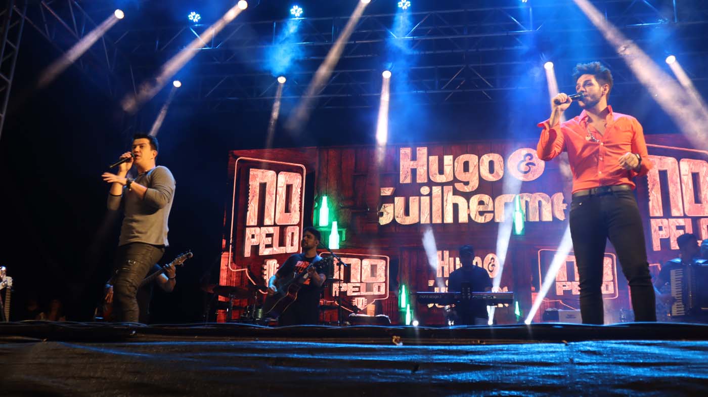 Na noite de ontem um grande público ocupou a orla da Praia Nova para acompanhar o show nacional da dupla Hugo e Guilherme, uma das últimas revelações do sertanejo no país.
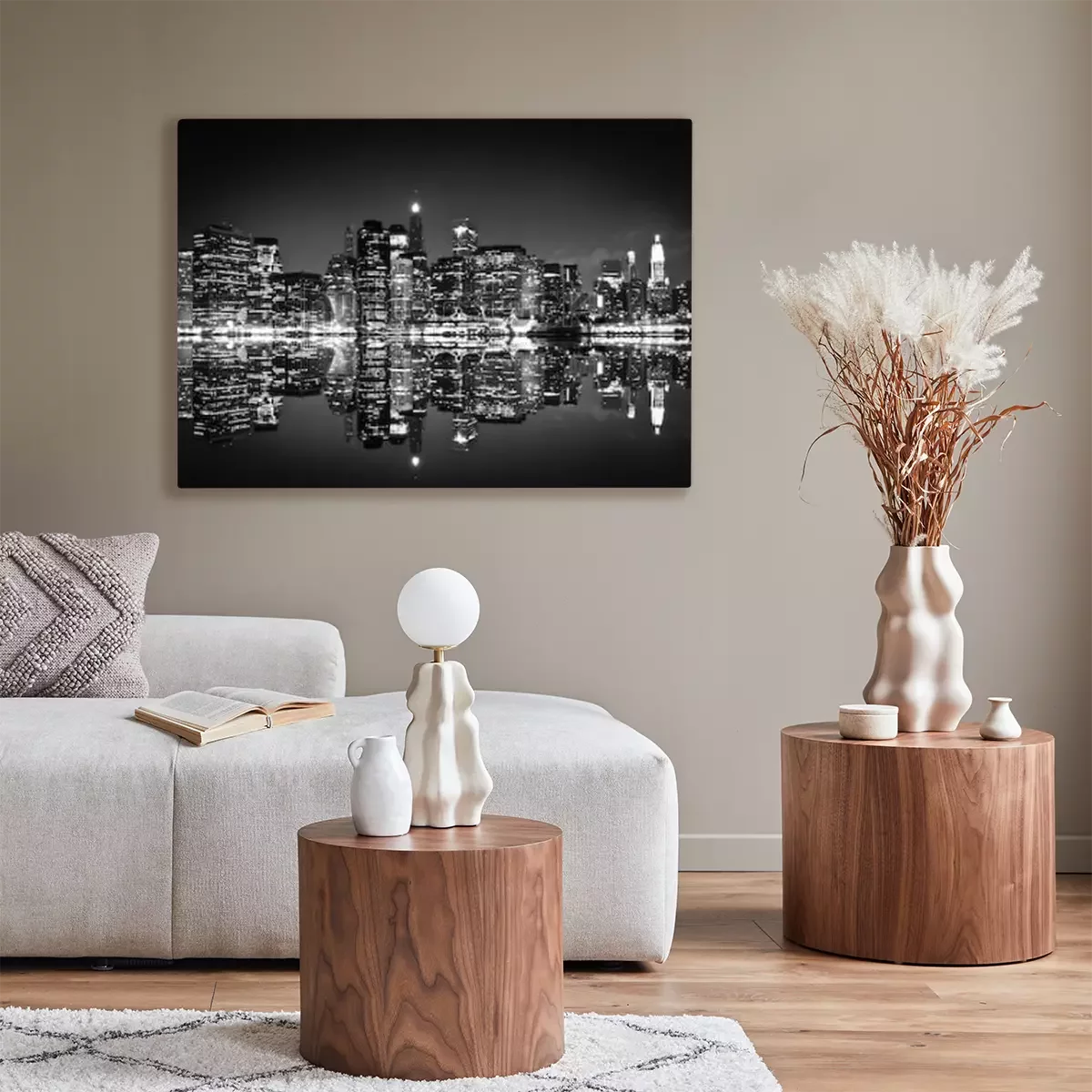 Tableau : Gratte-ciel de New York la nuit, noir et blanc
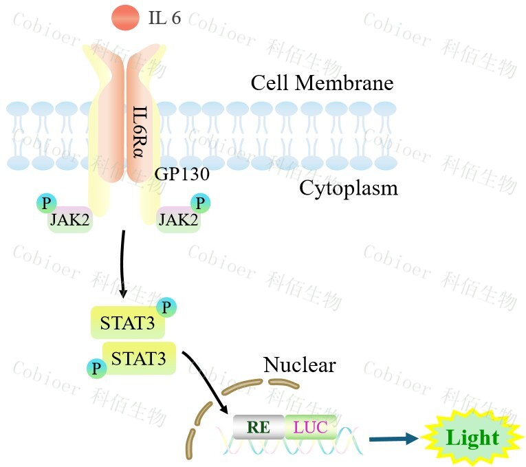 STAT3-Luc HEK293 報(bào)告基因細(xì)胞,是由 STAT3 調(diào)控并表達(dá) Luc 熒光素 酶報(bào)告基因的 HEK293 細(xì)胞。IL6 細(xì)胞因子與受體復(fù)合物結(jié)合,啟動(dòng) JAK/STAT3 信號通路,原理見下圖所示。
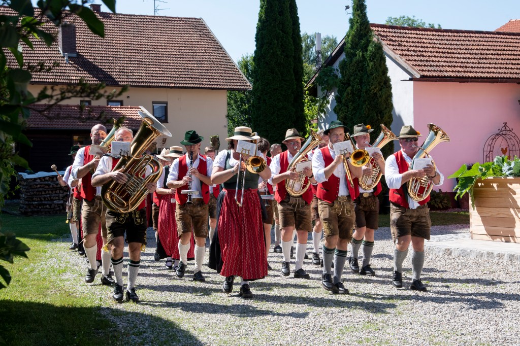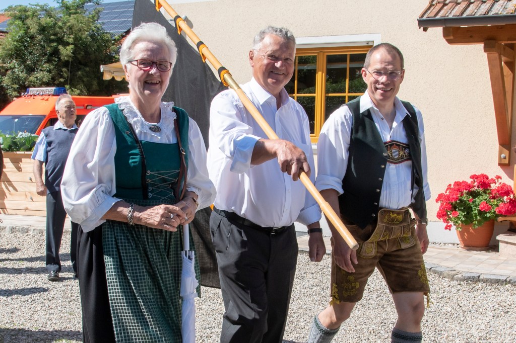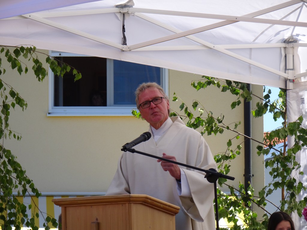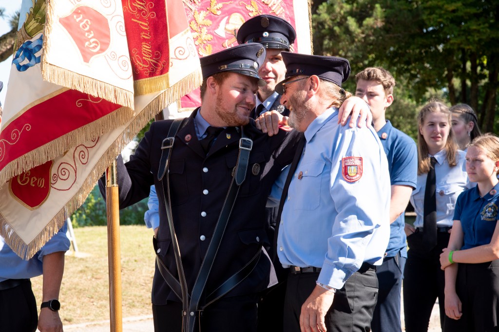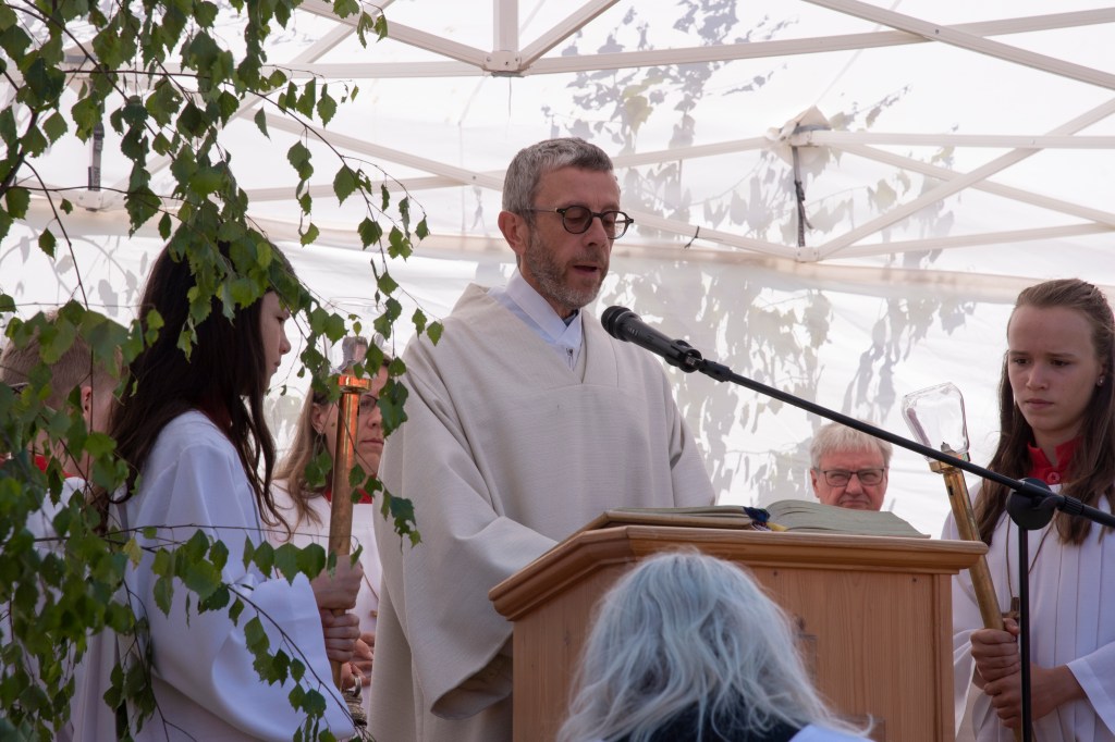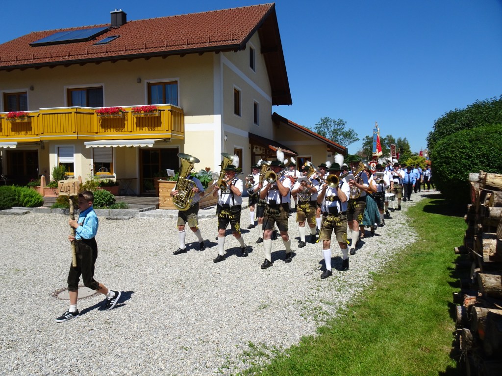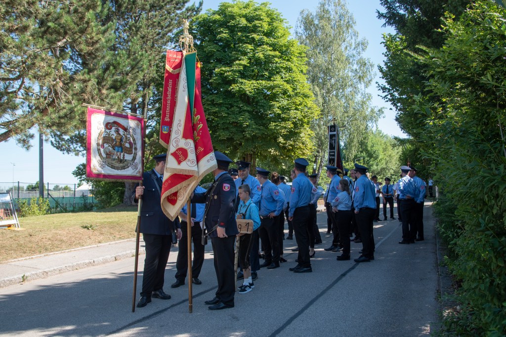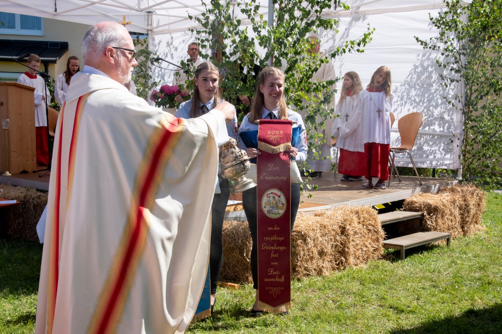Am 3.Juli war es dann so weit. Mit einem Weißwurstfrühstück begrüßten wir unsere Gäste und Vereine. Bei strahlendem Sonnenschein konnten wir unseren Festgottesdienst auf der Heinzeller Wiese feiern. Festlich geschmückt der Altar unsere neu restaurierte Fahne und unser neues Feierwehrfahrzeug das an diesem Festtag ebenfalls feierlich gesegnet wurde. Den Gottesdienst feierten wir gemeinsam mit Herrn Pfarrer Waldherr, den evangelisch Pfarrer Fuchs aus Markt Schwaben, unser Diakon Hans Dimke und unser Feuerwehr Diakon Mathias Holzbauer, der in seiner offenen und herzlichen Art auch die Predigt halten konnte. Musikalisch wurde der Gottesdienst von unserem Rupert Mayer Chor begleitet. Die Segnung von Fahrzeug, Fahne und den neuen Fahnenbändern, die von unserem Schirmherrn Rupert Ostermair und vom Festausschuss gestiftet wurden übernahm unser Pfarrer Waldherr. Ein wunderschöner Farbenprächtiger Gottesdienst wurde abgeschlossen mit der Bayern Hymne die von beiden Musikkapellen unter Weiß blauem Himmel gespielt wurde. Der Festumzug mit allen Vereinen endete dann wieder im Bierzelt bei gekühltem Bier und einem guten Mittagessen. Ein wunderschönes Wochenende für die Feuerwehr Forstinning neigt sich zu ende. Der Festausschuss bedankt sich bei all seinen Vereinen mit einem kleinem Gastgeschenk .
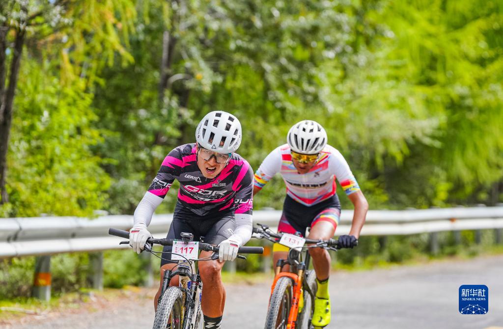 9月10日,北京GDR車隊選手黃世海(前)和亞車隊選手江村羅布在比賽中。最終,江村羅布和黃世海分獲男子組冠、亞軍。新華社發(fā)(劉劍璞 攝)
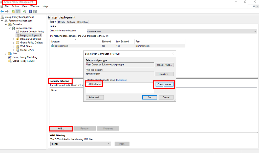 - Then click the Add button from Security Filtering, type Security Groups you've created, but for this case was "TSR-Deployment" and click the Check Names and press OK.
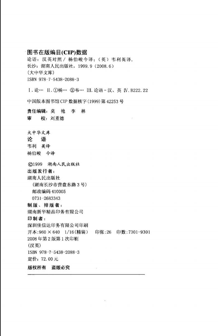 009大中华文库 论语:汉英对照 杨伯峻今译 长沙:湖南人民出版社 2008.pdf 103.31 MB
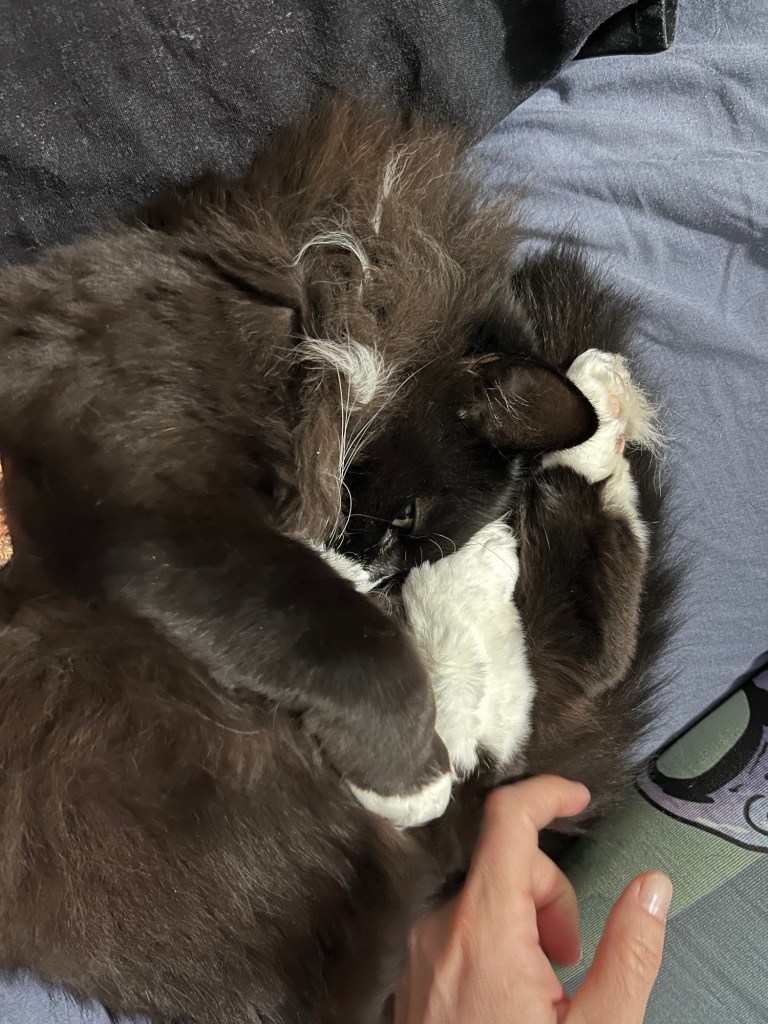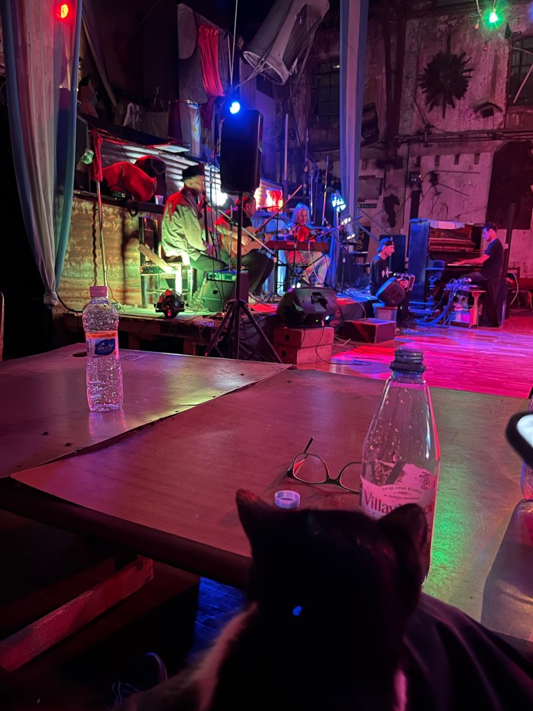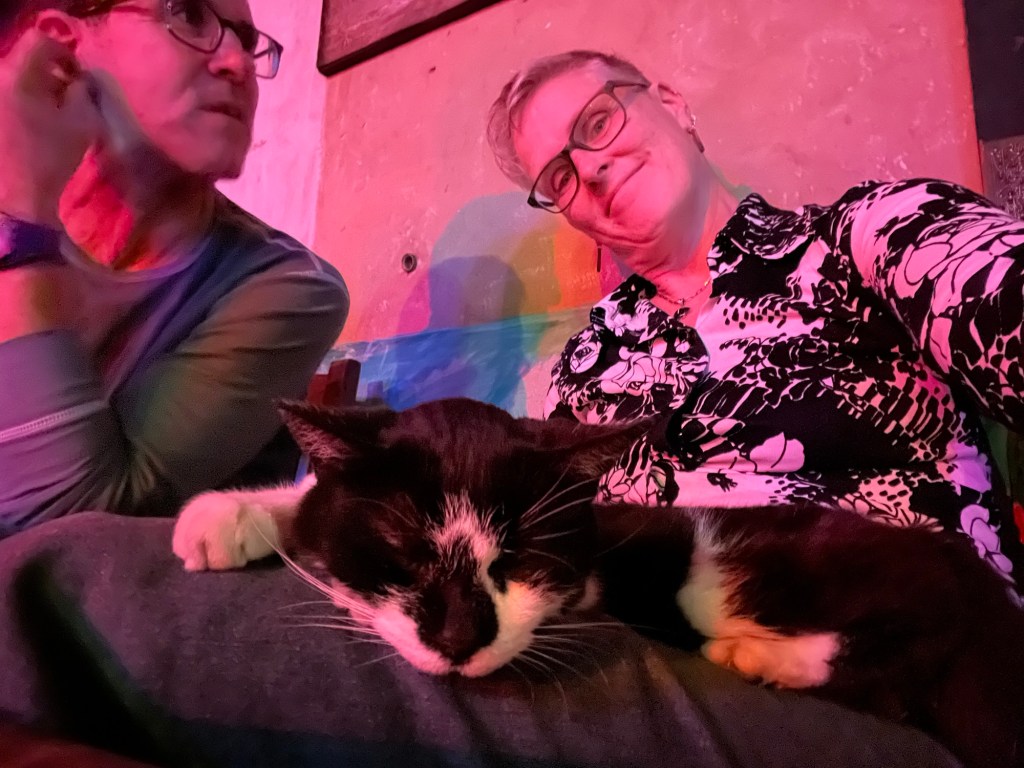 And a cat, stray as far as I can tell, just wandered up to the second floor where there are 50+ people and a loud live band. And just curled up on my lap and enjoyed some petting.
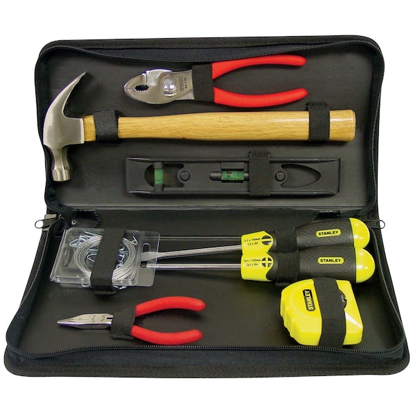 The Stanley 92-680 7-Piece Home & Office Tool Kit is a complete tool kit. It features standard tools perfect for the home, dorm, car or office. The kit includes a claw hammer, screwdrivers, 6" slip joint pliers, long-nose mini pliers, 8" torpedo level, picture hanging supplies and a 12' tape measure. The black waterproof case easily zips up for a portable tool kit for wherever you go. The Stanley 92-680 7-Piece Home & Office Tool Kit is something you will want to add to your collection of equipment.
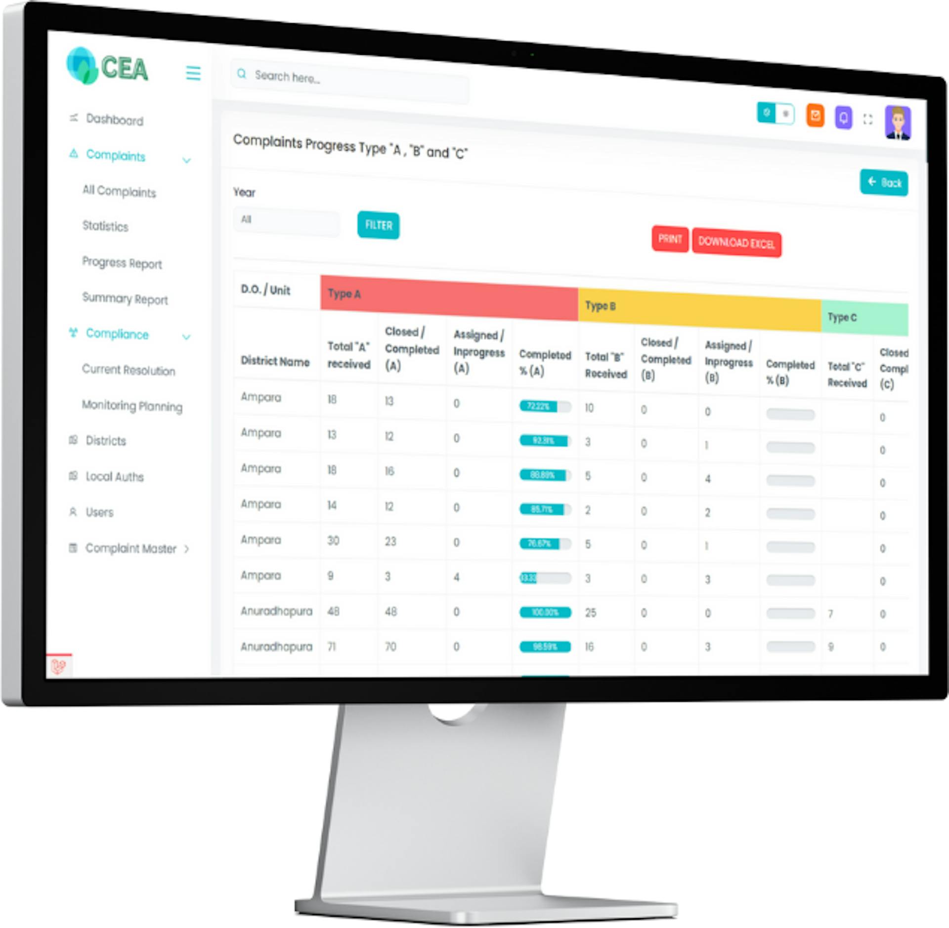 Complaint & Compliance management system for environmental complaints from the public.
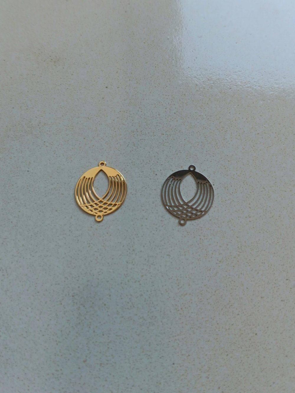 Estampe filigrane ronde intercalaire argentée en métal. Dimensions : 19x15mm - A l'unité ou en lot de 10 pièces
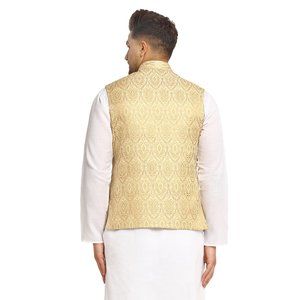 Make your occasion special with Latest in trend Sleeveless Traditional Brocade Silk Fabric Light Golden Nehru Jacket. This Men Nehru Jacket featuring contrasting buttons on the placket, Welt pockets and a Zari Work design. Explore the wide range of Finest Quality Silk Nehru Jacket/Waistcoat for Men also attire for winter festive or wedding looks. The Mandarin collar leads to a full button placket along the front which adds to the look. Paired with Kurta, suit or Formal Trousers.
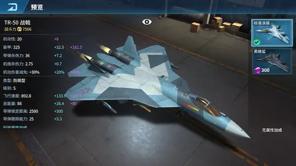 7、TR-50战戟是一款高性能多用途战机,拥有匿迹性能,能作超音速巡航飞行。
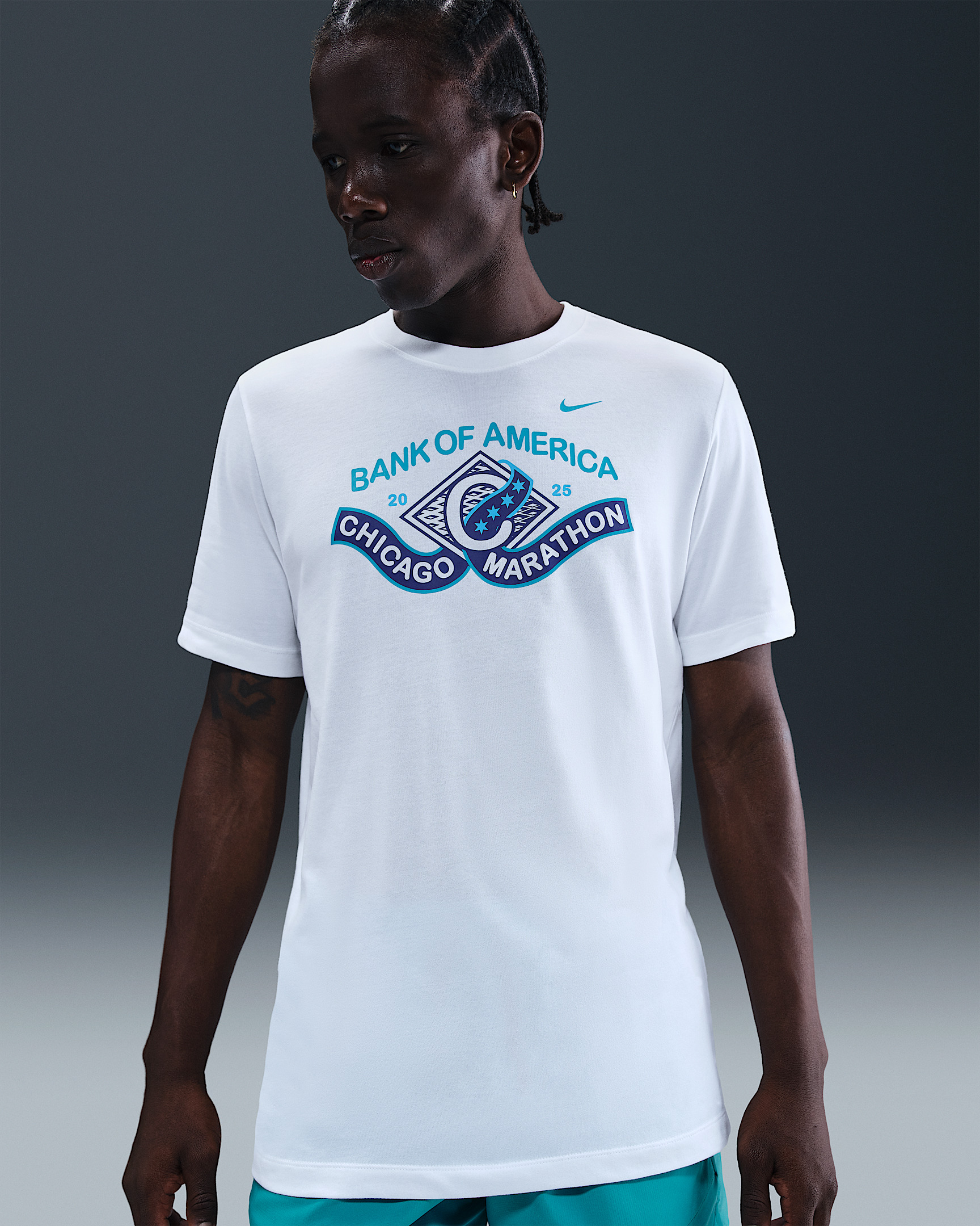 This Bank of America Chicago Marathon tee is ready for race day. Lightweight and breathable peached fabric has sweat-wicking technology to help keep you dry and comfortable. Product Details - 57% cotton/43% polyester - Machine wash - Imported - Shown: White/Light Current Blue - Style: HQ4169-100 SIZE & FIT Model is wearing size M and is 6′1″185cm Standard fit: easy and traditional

----------------

Exercise
A clean copy is needed of the lines above from the one with "- Then click" up to and including the one with "7、TR-50战戟是一款高性能多用途战机,拥有匿迹性能,能作超音速巡航飞行。". Please set it down exactly, with no pictures.

Exercise solution
 - Then click the Add button from Security Filtering, type Security Groups you've created, but for this case was "TSR-Deployment" and click the Check Names and press OK.
 009大中华文库 论语:汉英对照 杨伯峻今译 长沙:湖南人民出版社 2008.pdf 103.31 MB
 And a cat, stray as far as I can tell, just wandered up to the second floor where there are 50+ people and a loud live band. And just curled up on my lap and enjoyed some petting.
 The Stanley 92-680 7-Piece Home & Office Tool Kit is a complete tool kit. It features standard tools perfect for the home, dorm, car or office. The kit includes a claw hammer, screwdrivers, 6" slip joint pliers, long-nose mini pliers, 8" torpedo level, picture hanging supplies and a 12' tape measure. The black waterproof case easily zips up for a portable tool kit for wherever you go. The Stanley 92-680 7-Piece Home & Office Tool Kit is something you will want to add to your collection of equipment.
 Complaint & Compliance management system for environmental complaints from the public.
 Estampe filigrane ronde intercalaire argentée en métal. Dimensions : 19x15mm - A l'unité ou en lot de 10 pièces
 Make your occasion special with Latest in trend Sleeveless Traditional Brocade Silk Fabric Light Golden Nehru Jacket. This Men Nehru Jacket featuring contrasting buttons on the placket, Welt pockets and a Zari Work design. Explore the wide range of Finest Quality Silk Nehru Jacket/Waistcoat for Men also attire for winter festive or wedding looks. The Mandarin collar leads to a full button placket along the front which adds to the look. Paired with Kurta, suit or Formal Trousers.
 7、TR-50战戟是一款高性能多用途战机,拥有匿迹性能,能作超音速巡航飞行。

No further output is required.